Il y a manifestement, entre le collectif de juillet, le projet de loi de finances pour 2013 et ce
collectif, un problème de cohérence. On nous explique que le coût du travail, trop élevé dans
notre pays, serait la seule cause de perte de compétitivité de nos entreprises. C’est faux, et je
vais vous donner quelques chiffres. La part de la valeur ajoutée préemptée par les salaires et
les cotisations sociales est plus faible aujourd’hui qu’il y a trente ans. En 1982, salaires et
traitements bruts mobilisaient 55,5 % de la valeur ajoutée produite et les cotisations sociales
en retenaient 19,4 %. En 2000, la part des salaires est passée à 48,5 % de la valeur ajoutée et
celle des cotisations sociales à 16,5 %. En dix-huit ans, nous avons donc vu le bloc « salaires
et cotisations » passer de 75 % de la valeur ajoutée produite par le travail à 65 %. Regardons
maintenant les dividendes et revenus de la propriété : en 1982, les sociétés distribuaient 16,5
% de la valeur ajoutée en revenus du capital ; en 2000, ce taux atteignait près de 25 % ; en
2011, il s’est établi à 31,7 %. Le montant des dividendes et revenus distribués dépasse,
aujourd’hui, celui des cotisations sociales !
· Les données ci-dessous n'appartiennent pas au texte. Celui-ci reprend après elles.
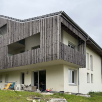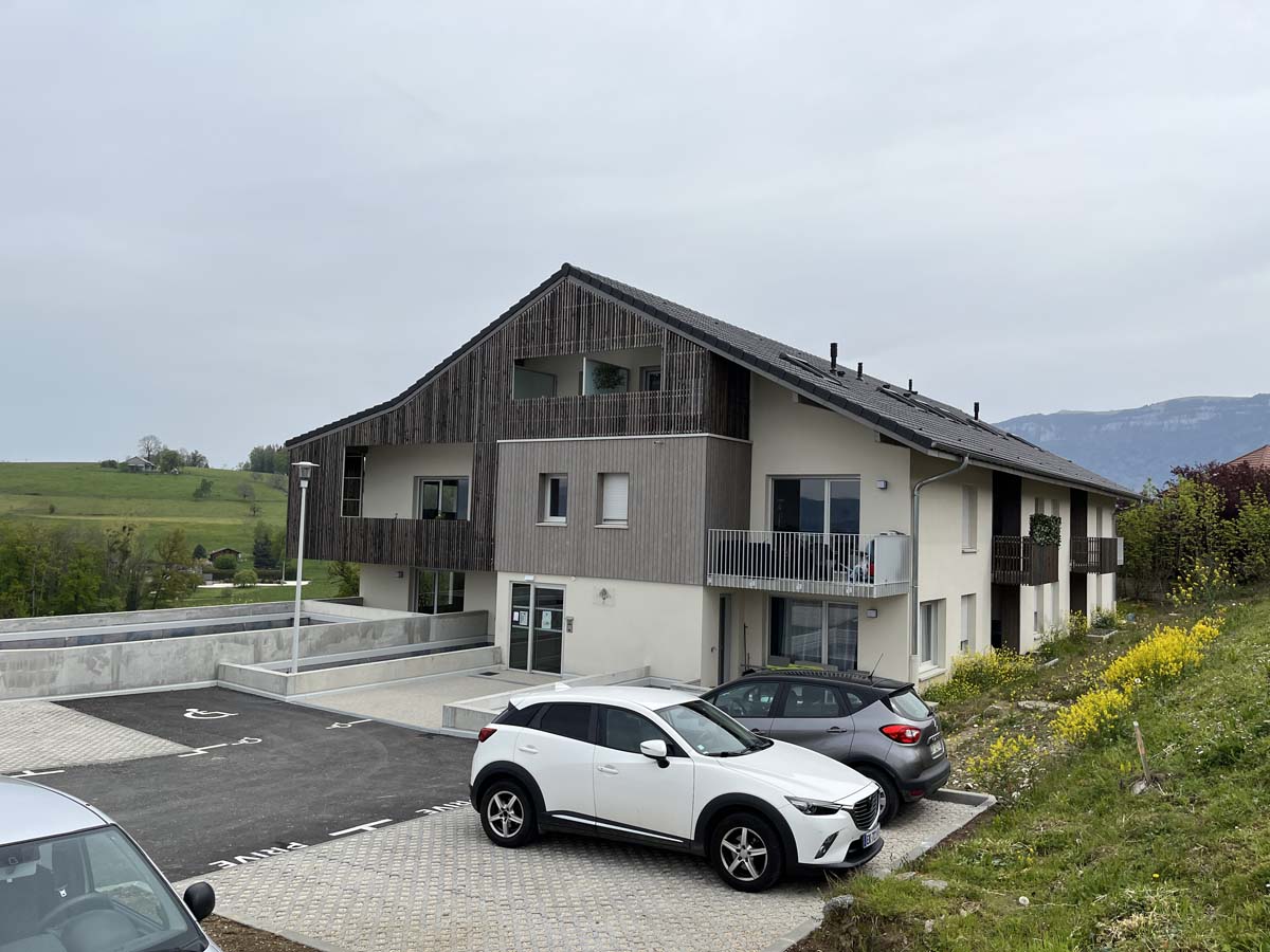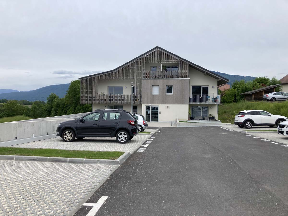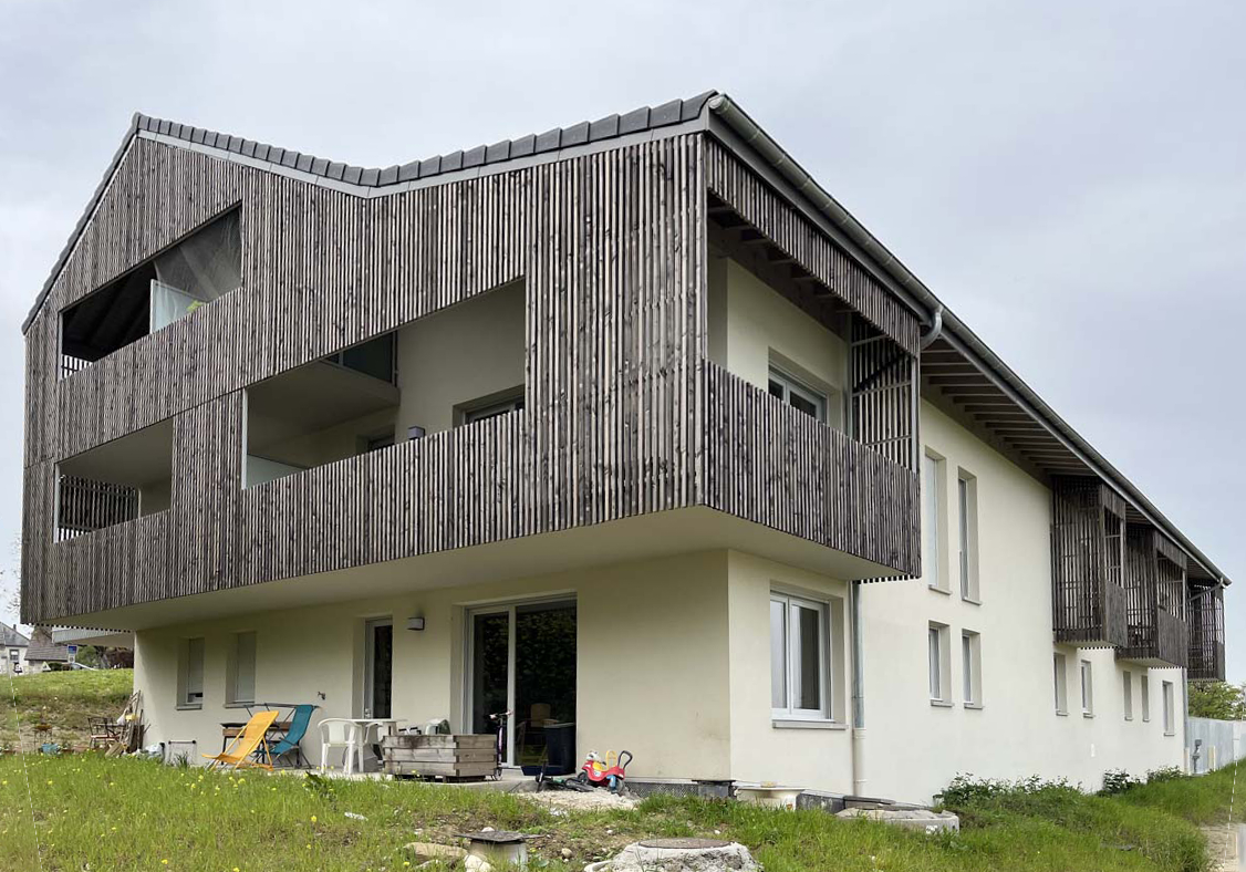 Le parti pris architectural et paysager s’oriente donc, à l’image des constructions traditionnelles, vers les notions de simplicité et de mesure en respectant le caractère bucolique du site. Une résille de bois ajourée. participe à intimiser les balcons du collectif et à formaliser des belvédères captant les magnifiques vues ouvertes sur le Grand Paysage.

Il est rarement fait état de ces observations dans les analyses de la situation économique. Et
pourtant, il suffit de jeter un œil sur les chiffres publiés, la semaine dernière, par le cabinet
Proxinvest sur la rémunération des dirigeants des entreprises du CAC 40 pour prendre la
mesure de l’ampleur du problème et constater la concentration scandaleuse des richesses dans
les poches de quelques-uns. C’est ainsi que Maurice Lévy, patron de Publicis, a empoché l’an
passé, grâce au versement anticipé de ses bonus différés, 19,6 millions d’euros de
rémunération. Carlos Ghosn, le patron de Renault, qui tente d’arracher des accords
improprement dits de compétitivité dans ses usines pour baisser le coût du travail, a vu sa
rémunération croître de 38 % et atteindre 9,7 millions d’euros. Pour la première fois, en 2011,
le salaire fixe moyen des dirigeants du CAC 40 a franchi le million d’euros. Pourquoi ne pas
indexer le SMIC sur l’augmentation des salaires des patrons du CAC 40 ? Cela représente,
pour eux, 5 % de plus, cette année. Pourquoi ce qui est possible pour un grand patron ne
pourrait-il pas l’être pour un smicard ?
Ces chiffres méritent d’autant plus d’être rappelés que ces mêmes dirigeants du CAC 40 ont
adressé, il y a quelques semaines, dans les colonnes d’un hebdomadaire dominical, une lettre
ouverte au Président de la République, François Hollande, pour revendiquer une baisse du
coût du travail d’au moins 30 milliards d’euros en deux ans, le transfert de 15 milliards
d’euros de cotisations vers la TVA et une baisse drastique de 15 milliards d’euros des
dépenses publiques. Hélas, ils ont été entendus !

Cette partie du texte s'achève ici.